To answer the research question, all analysts were asked to use data from SHARE [20, 21]. SHARE data are freely available after registration, and they are documented in detail on the website of the study. To date, more than 4,000 publications have been published using SHARE data. SHARE was conducted to obtain data on health, social networks, and socioeconomic status of older people in 28 European countries and Israel. It is a panel study that started in 2004 and is harmonized between the bi-annual follow-up waves. To compensate for dropouts, new participants were recruited to the panel in waves 2, 4, 5, 6, and 7. The SHARE study was approved by the Ethics Committee of the University of Mannheim and the Ethics Council of the Max Planck Society. As wave 8 was not yet fully validated when the project started, analysts were asked to use only data from waves 1 to 7 of the survey, which were collected between 2004 and 2017. Wave 3 was not considered because it only contains data from childhood and adolescence. Where possible, all countries should be included in the analyses.

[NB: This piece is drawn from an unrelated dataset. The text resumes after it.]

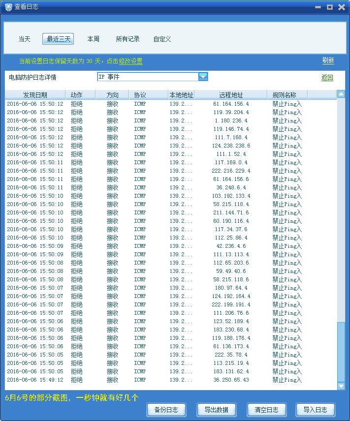 一台普通家用电脑为什么会有这么多不同的IP几乎同时在对我ping?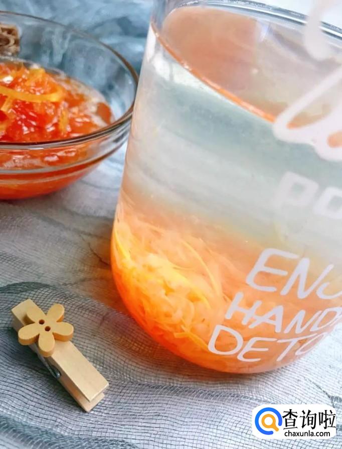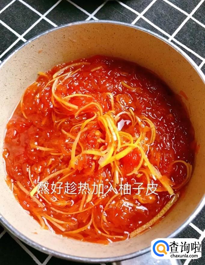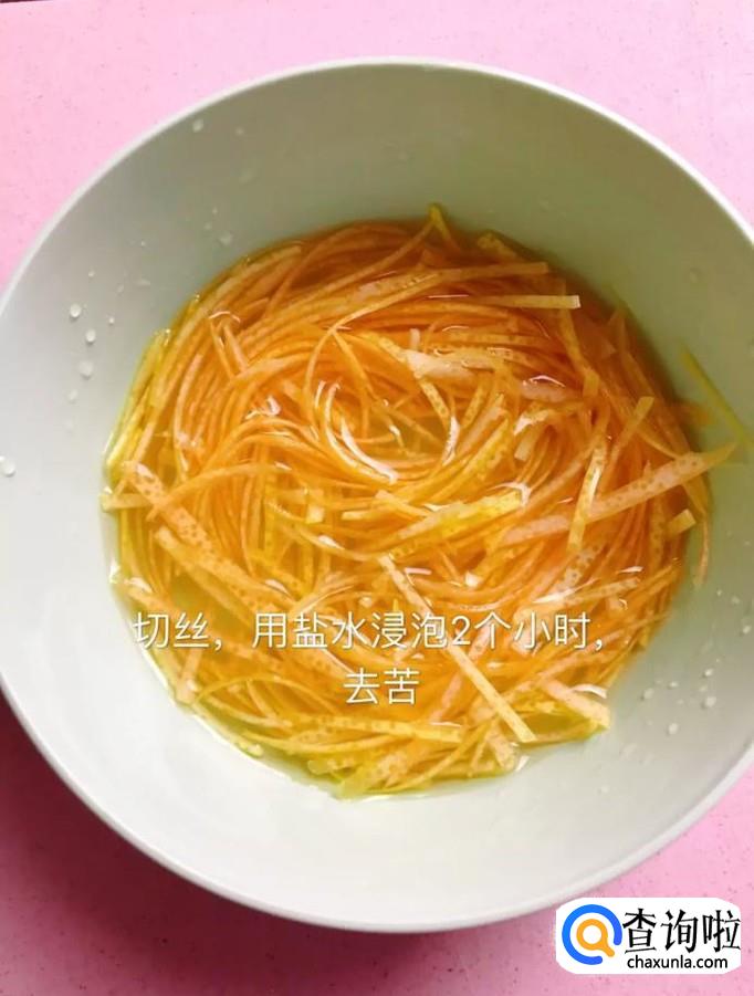 接着将柚子皮擦成丝,用盐水浸泡两个小时,如图所示。小贴士:这样做能够有效的去除柚子皮中的苦味。

We created a forest plot showing the effect estimates with 95% CI for all 16 main analyses. Results were also presented separately for analyses strictly performed longitudinally and for analyses which were either strictly cross-sectional or which presented a mixed approach with elements of longitudinal and cross-sectional analyses. In interpreting the results, we described the following study characteristics: size of the analytical sample, inclusion criteria, definition of the exposure, definition of the outcome, handling of missing data, adjustment for confounding, choice of regression models, comparison of main and sensitivity analyses, as well as idiosyncratic decisions in the analyses.

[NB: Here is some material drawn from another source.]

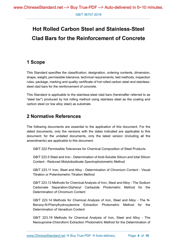 Similar standardsGB/T 36707-2018: Hot Rolled Carbon Steel and Stainless-Steel Clad Bars for the Reinforcement of Concrete---This is an excerpt. Full copy of true-PDF in English version (including equations, symbols, images, flow-chart, tables, and figures etc.), auto-downloaded/delivered in 9 seconds, can be purchased online: https://www.ChineseStandard.net/PDF.aspx/GBT36707-2018 GB NATIONAL STANDARD OF THE PEOPLE’S REPUBLIC OF CHINA ICS 77.140.60 H 44 Hot Rolled Carbon Steel and Stainless-Steel Clad Bars for the Reinforcement of Concrete Issued on: SEPTEMBER 17, 2018 Implemented on: JUNE 01, 2019 Issued by. State Administration for Market Regulation; Standardization Administration of PRC. Table of ContentsForeword ... 3 1 Scope ... 4 2 Normative References ... 4 3 Terms and Definitions ... 7 4 Classification and Designation ... 7 5 Ordering Contents... 8 6 Dimension, Shape, Weight and Permissible Tolerance ... 8 7 Technical Requirements ... 9 8 Test Methods ... 12 9 Inspection Rules ... 15 10 Package, Marking and Quality Certificate ... 16 Hot Rolled Carbon Steel and Stainless-Steel Clad Bars for the Reinforcement of Concrete1 ScopeThis Standard specifies the classification, designation, ordering contents, dimension, shape, weight, permissible tolerance, technical requirements, test methods, inspection rules, package, marking and quality certificate of hot rolled carbon steel and stainless- steel clad bars for the reinforcement of concrete. This Standard is applicable to the stainless-steel clad bars (hereinafter referred to as “steel bar”) produced by hot rolling method using stainless steel as the coating and carbon steel (or low alloy steel) as substrate.2 Normative ReferencesThe following documents are essential to the application of this document. For the dated documents, only the versions with the dates indicated are applicable to this document; for the undated documents, only the latest version (including all the amendments) are applicable to this document. GB/T 222 Permissible Tolerances for Chemical Composition of Steel Products GB/T 223.5 Steel and Iron - Determination of Acid-Soluble Silicon and total Silicon Content - Reduced Molybdosilicate Spectrophotometric Method GB/T 223.11 Iron, Steel and Alloy - Determination of Chromium Content - Visual Titration or Potentiometric Titration Method GB/T 223.12 Methods for Chemical Analysis of Iron, Steel and Alloy - The Sodium Carbonate Separation-Diphenyl Carbazide Photometric Method for the Determination of Chromium Content GB/T 223.14 Methods for Chemical Analysis of Iron, Steel and Alloy - The N- Benzoy-N-Phenylhydroxylamine Extraction Photometric Method for the Determination of Vanadium Content GB/T 223.19 Methods for Chemical Analysis of Iron, Steel and Alloy - The Neocuproine-Chloroform Extraction Photometric Method for the Determination of GB/T 223.69 Iron, Steel and Alloy-Determination of Carbon Contents- Gas- volumetric Method after Combustion in the Pipe Furnace GB/T 223.71 Methods for Chemical Analysis of Iron, Steel and Alloy - the Gravimetric Method after Combustion in the Pipe Furnace for the Determination of Carbon Content GB/T 223.72 Iron, Steel and Alloy - Determination of Sulfur Content - Gravimetric Method GB/T 223.85 Steel, Iron and Steel - Determination of Sulfur Content - Infrared Absorption Method after Combustion in an Induction Furnace GB/T 223.86 Steel, Iron and Steel - Determination of Total Carbon Content - Infrared Absorption Method after Combustion in an Induction Furnace GB/T 1499.1 Steel for the Reinforcement of Concrete - Part 1. Hot Rolled Plain Bars GB/T 1499.2 Steel for the Reinforcement of Concrete - Part 2. Hot Rolled Ribbed Bars GB/T 2101 General Requirement of Acceptance Packaging Marking and Certification for Section Steel GB/T 4334-2008 Corrosion of Metals and Alloys - Test Methods for Intergranular Corrosion of Stainless Steels GB/T 4336 Carbon and Low-Alloy Steel - Determination of Multi-Element Contents -Spark Discharge Atomic Emission Spectrometric Method (Routine Method) GB/T 6462 Metallic and Oxide Coatings - Measurement of Coating Thickness- Microscopical Method GB/T 11170 Stainless Steel – Determination of Multi-Element Contents - Spark Discharge Atomic Emission Spectrometric Method (Routine Method) GB/T 17359 Microbeam Analysis - Quantitative Analysis Using Energy Dispersive Spectrometry GB/T 17505 Steel and Steel Products - General Technical Delivery Requirements GB/T 20066 Steel and Iron - Sampling and Preparation of Samples for the Determination of Chemical Composition GB/T 20123 Steel and Iron - Determination of Total Carbon and Sulfur Content Infrared Absorption Method after Combustion in an Induction Furnace (Routine 7.6 Corrosion resistance Except for the ferrite-type coated steel bar, other coated steel bars can be carried out intergranular corrosion test by the delivery status as per the Method E specified in GB/T 4334-2008. When testing, the transverse sections of both ends of the steel bar shall be applied the protective layer (such as epoxy resin). The test results, except for the transverse sections, shall be that the steel bar surface is free from leakage points and intergranular corrosion cracks caused by the corrosion. 7.7 Steel bar connection The steel bars shall be mechanically connected; the joints shall be made of the materials that are anti-corrosive and match the strength level of the steel bar. 7.8 Surface quality 7.8.1 The stainless-steel coating of the steel bar shall completely cover the substrate; except for the transverse sections on both sides of the steel bar, its exterior surface shall be free of visible uncovered positions. 7.8.2 The surface of the steel bar shall not have any defects that may affect the use performance. 7.9 Delivery status and type 7.9.1 Steel bar shall be delivered in hot-rolled pickling conditions. 7.9.2 The plain steel bar can be delivered in straight strip or coil condition. The ribbed steel bar is generally delivered in s

To get an idea of how researcher degrees of freedom affect the effect estimates, one team selected exemplary regression models and performed the following own analyses in addition to the analyses of the 16 groups:
Additional analyses 1: To compare effect estimates from cross-sectional and longitudinal analyses, three additional regression analyses were conducted, two cross-sectional analyses of wave 1 and one longitudinal analysis with wave 1 as the baseline. The three analyses were identical with respect to the definition of exposure, outcome, confounders (age, sex, education) and the regression method used (Poisson regression with robust variance estimation). The first cross-sectional analysis included 22,984 individuals. In the second cross-sectional analysis, 5204 individuals were excluded for whom no follow-up data were available for the outcome. In the longitudinal analysis, further 2331 individuals who had the target event at wave 1 were missing. The smaller samples were therefore subsets of the larger samples.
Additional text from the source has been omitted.